Точно так же как и мой родственник, исчезал понемногу Фюрстенберг в пространстве Любима, оплывал, как исчезающие городские валы, врастал в землю, как врастают в неё брошенные избы. Наверное, он приучился сидеть на крыльце и смотреть на городские валы почти безучастно, круглыми и как будто ничем не занятыми глазами… Всякий чужак, попавший на Русский Север и догадавшийся, что вернуться обратно у него не выйдет, быстро учится такому взгляду.
Ему это даже нравится. Ему нравится, что у северорусского народа глаза такие пустые и выпуклые. Это вселяет в чужака, пусть даже и невольного жителя этих краёв, чувство законной гордости. Можно себе представить какое. Это в прошлой его жизни, где ладскнехты и ландсграфы, всё продавалось и покупалось, были глубоко спрятанные, притаившиеся, хищные и перепуганные глаза… А тут – совсем другие глаза! Постоянно навыкате, но никакого напряжения в них – лишь северное небо. Полное отсутствие всякого смысла – но зато какая мудрость вековых елей и чистота лесных озёр! Ничего не продадут и ничего не купят. Что бы ни случилось с моей страной. В дни сомнений, во дни тягостных раздумий, в годину любых испытаний и бедствий – эти глаза не сморгнут. Им всё божья роса, им всё сиверко да онего.
И духовность – да-да, та самая духовность, что я говорил. А тогда, не зная про духовность ровным счётом ничего, орден писал прошения о его обмене и выкупе, но никакого Йохана Вильгельма фон Фюрстенберга уже не было. Он понемногу превратился в траву, деревья и землю города Любима. И всё это, конечно, требовало описания.

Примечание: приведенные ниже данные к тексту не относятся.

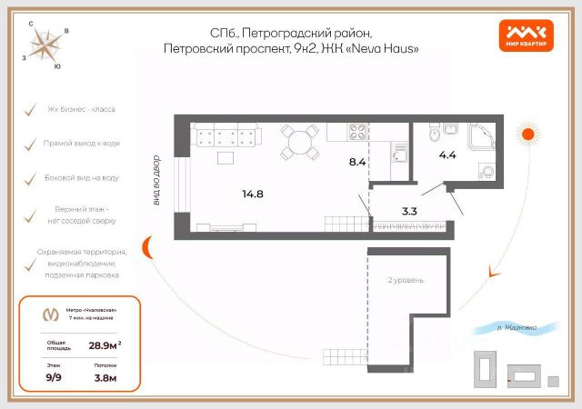 Продаётся 3-комнатная квартира в ЖК "NEVA HAUS" на 9 этаже. Общая площадь составляет 149.80 кв. м. Квартира без отделки. Жилой комплекс "NEVA HAUS" располагается по адресу Санкт-Петербург, Петроградский. NEVA HAUS - элитный жилой комплекс в самой зеленой части Петровского острова, в точке слияния двух рек, напротив Крестовского острова. У жителей появится благоустроенная набережная с пирсом и павильон с необходимыми сервисами и услугами. Потолки до 3,8 м, увеличенные деревянно-алюминиевые окна, современные технические решения, закрытая территория и внутренняя инфраструктура - важные слагаемые качественной жизни в NEVA HAUS. Расположение: • 4 мин на авто до Крестовского острова; • 5 мин на авто до Приморского парка Победы; • 6 мин на авто до станции метро "Крестовский остров"; • 18 мин на авто до ЗСД; • 20 мин на авто до Стрелки В.О. и исторического центра города. NEVA HAUS стал первым элитным жилым комплексом в Санкт-Петербурге, официально получившим статус энергоэффективного, водоэффективного и экологичного объекта по системе GREEN ZOOM. Для удобства жителей, квартира будет подключена к IP-домофонии, на гостевой парковке предусмотрены зарядки для электромобилей. В квартире устроена ниша для размещения кондиционеров, индивидуальные каналы вентиляции, отверстия на фасаде для современных приточно-вытяжных систем, пятиступенчатая очистка воды, коллекторная разводка труб отопления и дерево-алюминиевые окна соответствуют высокому классу жилья. Преимущества: • Высокие потолки, до 3.8м; • Повышенная звукоизоляция между квартирами; • Закрытая охраняемая территория, видеонаблюдение; • Благоустроенная приватная набережная; • Система "Умный дом"; • 5-ти ступенчатая система очистки воды; Успейте приобрести квартиру на выгодных условиях! Чтобы узнать подробности, обращайтесь за консультацией по телефону.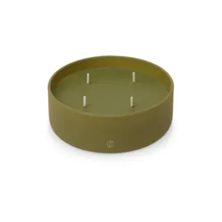 Deze Glow kaars met vier wieken is gevuld met +70% plantaardige was.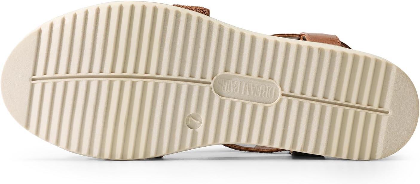 DREAM PAIRS Women's Comfortable Low Wedge Sandals, Open Toe Slip On Strappy Flat Sandals Light-weight Summer Shoes(Brown)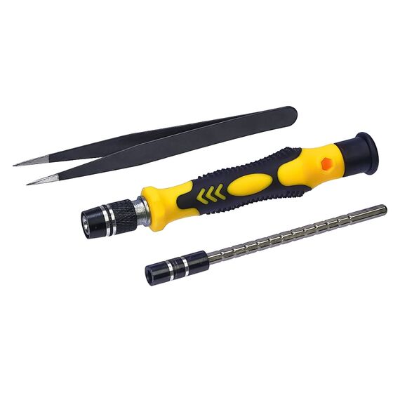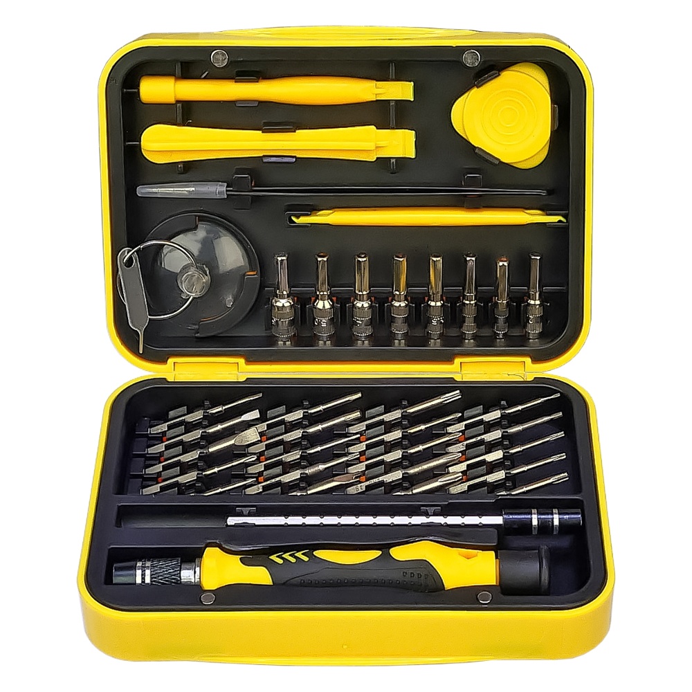 Набір інструментів Aida A-8819 є комплектом необхідних інструментів для розбирання і ремонту різних електронних пристроїв. Він включає ручку зі зручним захопленням і різноманітні насадки для роботи з різними видами гвинтів і кріпильних елементів.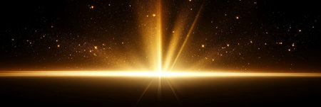 Stunning golden rays of light shine through a dark background, creating an ethereal and magical atmosphere. Perfect for artistic projects and designs.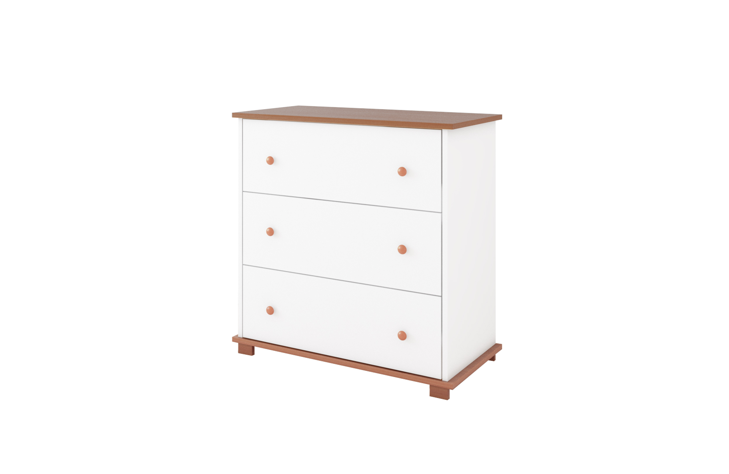 Διαθέτει τρία μεγάλα συρτάρια που επιτρέπουν την εύκολη αποθήκευση ρούχων, πάνων και άλλων αντικειμένων, διατηρώντας το δωμάτιο τακτοποιημένο. Η ενσωματωμένη αλλαξιέρα προσφέρει άνετο χώρο για την καθημερινή φροντίδα του μωρού.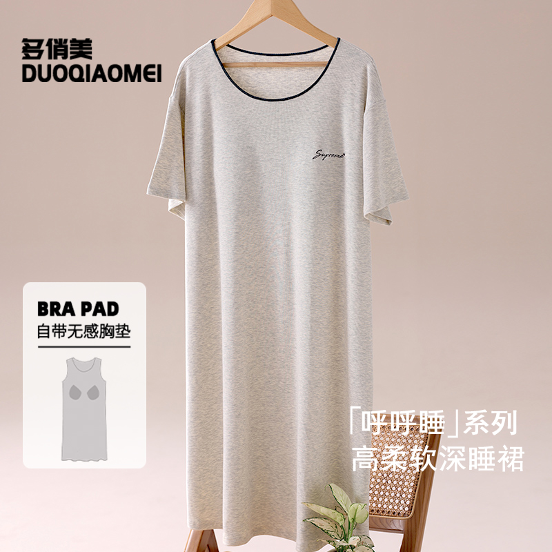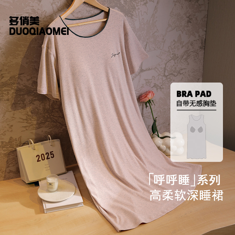 薄款 新款 宽松可外穿家居服 莫代尔2025夏季 带胸垫睡裙女士短袖

Но напоследок, вздохнув перед трудной работой, я стал размышлять, вернувшись в мыслях к тому, с чего начал: как был бы счастлив, будучи соглядатаем, будучи тем самым из западных писателей, которые, вернувшись из дальних российских краёв, вновь собирали вокруг себя толпу своих французских пейзанов.
Вот они сидят кружком в тени виноградника и качают своими кудрявыми пейзанскими головами:
– Вот-ка, братка… Так-то оно-от… Как ты жив ишшо… Эвона у них-то нарот како-о-ой…
Но нет мне того счастья.
Хмурилась жизнь вокруг меня, и мало в ней было утешений.
Позвонил мне Гусев. Голос его прерывался в трубке, куда-то пропадал, но это не было дефектом связи. Гусев говорил со мной странно, он был явно не в себе, хотел в чём-то повиниться.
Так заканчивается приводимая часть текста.